**WHAT THIS TASK INVOLVES:** Look below for the line that contains "V Luši, pri", then copy it and each following line to the end of the records, minus any pictures.
═══ RECORDS SHOWN ═══
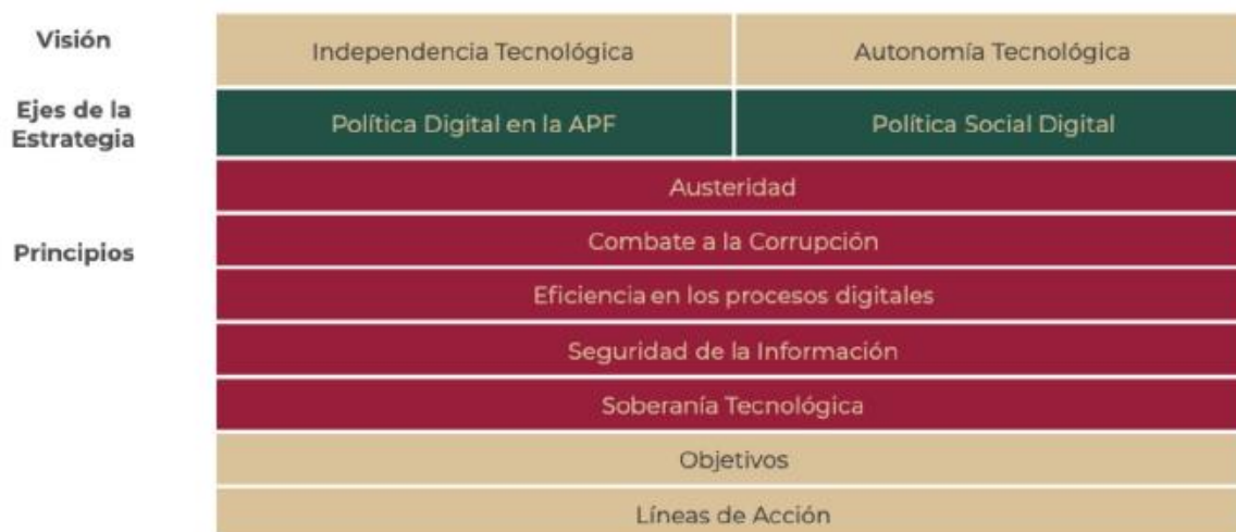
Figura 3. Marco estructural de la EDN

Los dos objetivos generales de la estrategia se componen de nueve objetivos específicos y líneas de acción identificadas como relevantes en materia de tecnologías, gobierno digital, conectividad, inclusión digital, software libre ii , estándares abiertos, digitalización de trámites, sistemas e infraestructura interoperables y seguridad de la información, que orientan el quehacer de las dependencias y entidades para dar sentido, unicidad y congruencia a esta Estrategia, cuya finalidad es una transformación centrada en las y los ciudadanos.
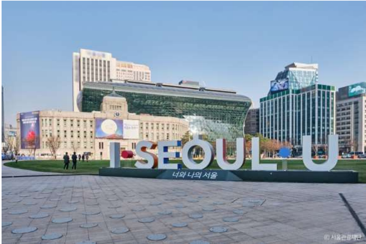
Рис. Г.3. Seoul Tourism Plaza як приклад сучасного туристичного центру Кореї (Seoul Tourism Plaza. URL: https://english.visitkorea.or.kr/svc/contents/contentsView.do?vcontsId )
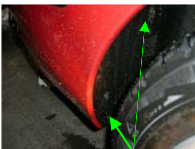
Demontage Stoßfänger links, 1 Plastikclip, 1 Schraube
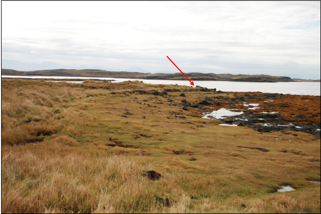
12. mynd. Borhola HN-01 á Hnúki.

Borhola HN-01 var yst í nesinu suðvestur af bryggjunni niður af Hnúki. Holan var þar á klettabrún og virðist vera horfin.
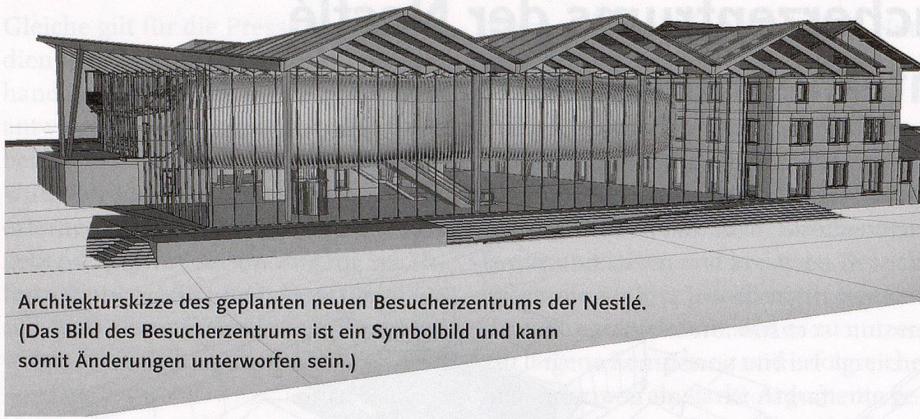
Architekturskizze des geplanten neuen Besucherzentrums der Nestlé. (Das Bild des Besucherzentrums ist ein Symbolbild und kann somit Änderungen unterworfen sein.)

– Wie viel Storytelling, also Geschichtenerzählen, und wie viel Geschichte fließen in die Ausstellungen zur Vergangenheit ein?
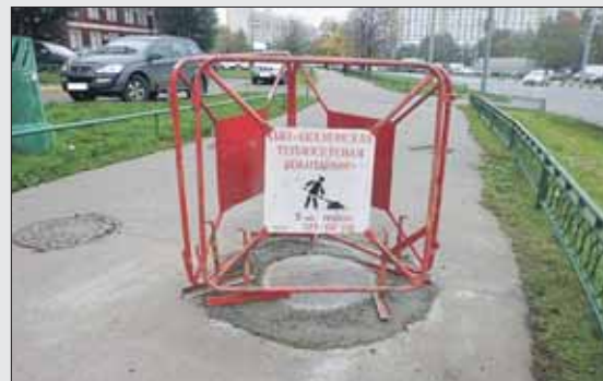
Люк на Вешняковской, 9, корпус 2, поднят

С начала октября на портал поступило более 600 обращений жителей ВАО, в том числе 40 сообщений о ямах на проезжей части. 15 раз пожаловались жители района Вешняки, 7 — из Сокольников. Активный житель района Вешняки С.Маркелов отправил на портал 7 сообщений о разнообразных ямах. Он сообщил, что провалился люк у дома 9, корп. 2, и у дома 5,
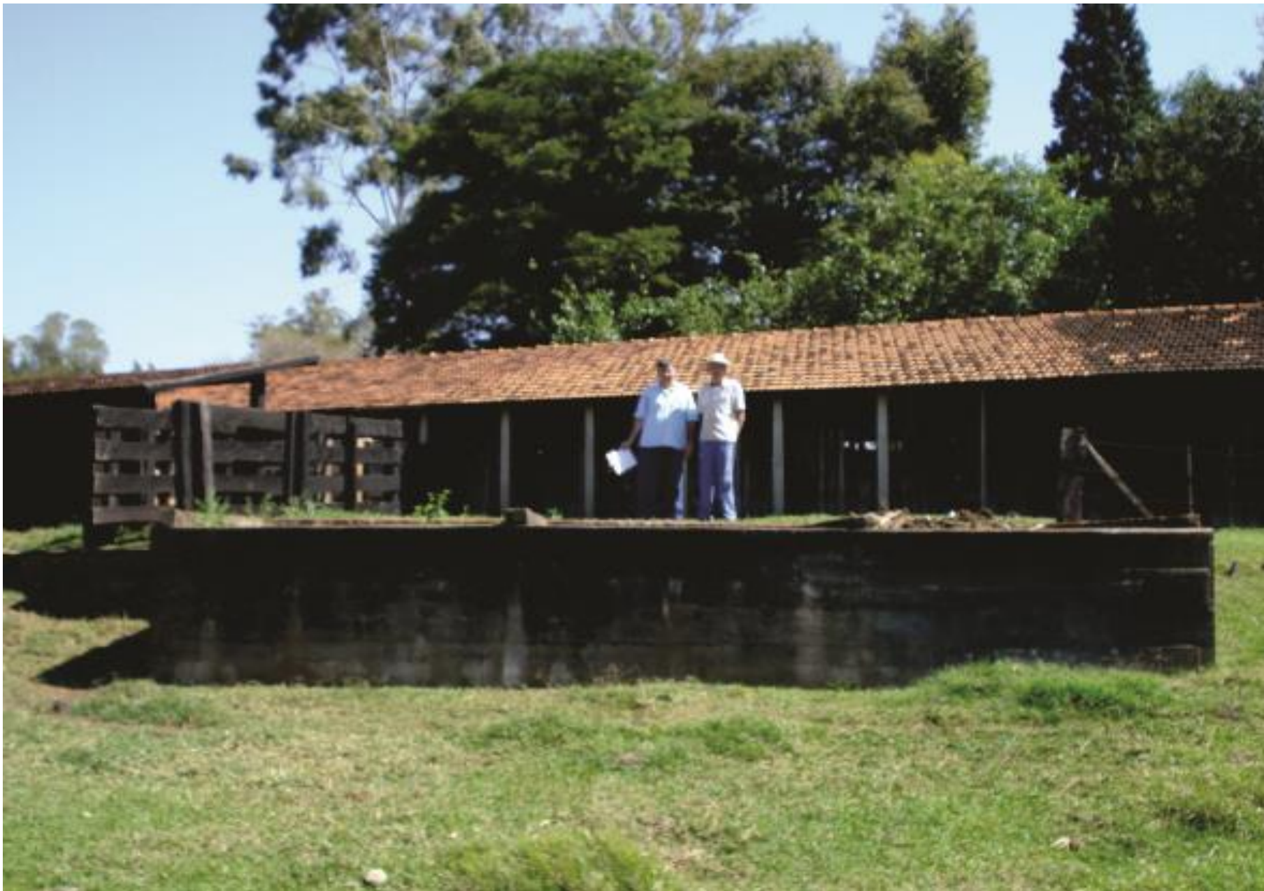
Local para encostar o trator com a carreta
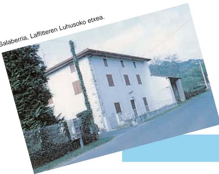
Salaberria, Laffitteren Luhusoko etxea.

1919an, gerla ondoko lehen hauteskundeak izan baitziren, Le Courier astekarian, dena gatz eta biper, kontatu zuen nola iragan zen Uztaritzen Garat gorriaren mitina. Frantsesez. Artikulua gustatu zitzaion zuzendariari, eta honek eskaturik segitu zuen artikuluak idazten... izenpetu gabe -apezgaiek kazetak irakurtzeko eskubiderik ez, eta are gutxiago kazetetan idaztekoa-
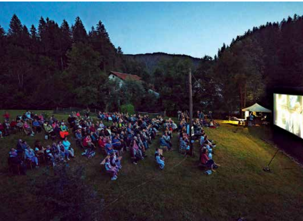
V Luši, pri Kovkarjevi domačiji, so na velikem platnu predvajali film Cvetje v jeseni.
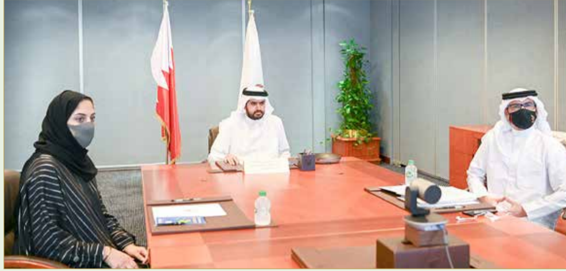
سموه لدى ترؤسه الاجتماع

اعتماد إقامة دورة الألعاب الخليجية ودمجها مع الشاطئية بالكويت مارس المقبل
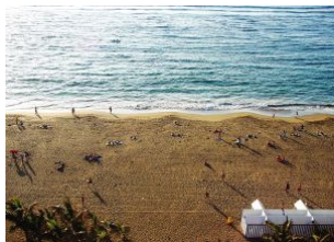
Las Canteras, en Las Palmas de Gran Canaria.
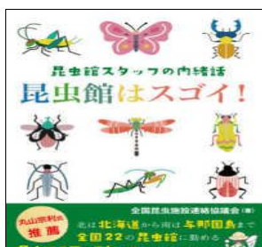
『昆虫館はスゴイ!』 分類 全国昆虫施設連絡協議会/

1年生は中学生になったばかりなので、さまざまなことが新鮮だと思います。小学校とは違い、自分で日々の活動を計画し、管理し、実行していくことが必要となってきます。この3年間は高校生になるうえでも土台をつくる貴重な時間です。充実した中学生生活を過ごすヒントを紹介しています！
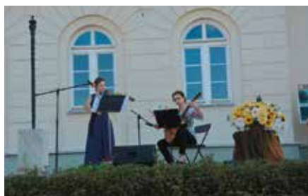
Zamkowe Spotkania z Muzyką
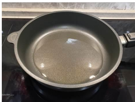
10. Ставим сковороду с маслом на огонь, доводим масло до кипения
═══
**TASK RESULT:**
V Luši, pri Kovkarjevi domačiji, so na velikem platnu predvajali film Cvetje v jeseni.
سموه لدى ترؤسه الاجتماع

اعتماد إقامة دورة الألعاب الخليجية ودمجها مع الشاطئية بالكويت مارس المقبل
Las Canteras, en Las Palmas de Gran Canaria.
『昆虫館はスゴイ!』 分類 全国昆虫施設連絡協議会/

1年生は中学生になったばかりなので、さまざまなことが新鮮だと思います。小学校とは違い、自分で日々の活動を計画し、管理し、実行していくことが必要となってきます。この3年間は高校生になるうえでも土台をつくる貴重な時間です。充実した中学生生活を過ごすヒントを紹介しています！
Zamkowe Spotkania z Muzyką
10. Ставим сковороду с маслом на огонь, доводим масло до кипения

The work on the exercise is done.